Racism, cultural politics and race relations are three important issues facing America these days, though it can be argued that they’ve been lingering for decades, if not centuries around the world. More than ever, it’s important to stay informed, so you can tackle these subjects accurately and with perspective, whether you’re chatting with colleagues, debating with family members or contributing to a discussion online.

Start with this list of books, with three different viewpoints from three renowned authors, to delve deeper into the topic.

1. Yellow: Race in America Beyond Black and White

Examining race in the 21st century, scholar and activist Frank H. Wu addresses the Asian-American experience in regards to affirmative action, globalization, and other hot-button issues. By combining personal anecdotes with intense research and examination into legal cases, Wu creates an affecting and informative narrative.

Image Courtesy of Basic Books

  

2. Between the World and Me

A New York Times Bestseller, National Book Award Winner and Pulitzer Prize finalist, Ta-Nehisi Coates’ “Between the World and Me” is a searing book written as a letter to his son — and the world — on the African-American experience and struggle against racial oppression and persecution that continues to this day. A must-read.

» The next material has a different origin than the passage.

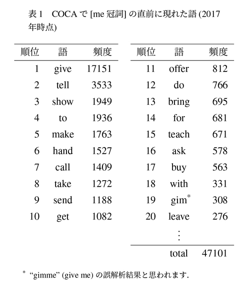 ここから、冠詞のような意味をほとんど持たず、発音上も目立たない要素でも、構文全体の認識にとっては大きな手掛かりとなる、という可能性が見えてきます。(*1) 実際、以前筆者が現代アメリカ英語の大規模コーパスである Corpus of Contemporary American English(COCA:Davies, M、2008)を用いて行った調査(吉川正人「悪魔は細部に宿る: 構文認識の分散的手掛かりとしての英語冠詞から探る聞き手指向の文法論」)では、“Call me a taxi.” のように me の直後に冠詞(a、an、the など)が続く配列([me 冠詞])があったとき、その直前に現れる語はほとんどが give や tell、show など二重目的語構文(SVOO)で用いられる動詞でした(表1)。(*2) 特に全体の三分の一以上が give であることを鑑みると、“○○○ me a △△△” という並びだけでかなりの確率で表現全体が二重目的語構文であることを推測できそうです。もちろんこの配列だからといって必ず二重目的語構文になるわけではありませんが、一つの有効な手掛かりであることは間違いないでしょう。

Image Courtesy of Spiegel & Grau

  

3. The New Jim Crow: Mass Incarceration in the Age of Colorblindness

In this book, legal scholar Michelle Alexander challenges the notion that we live in an age of colorblindness by examining the way in which the war on drugs targeted African Americans and other minorities, resulting in mass incarceration. It’s a fascinating read that questions how decisions are made — and the consequences that linger as a result of these choices.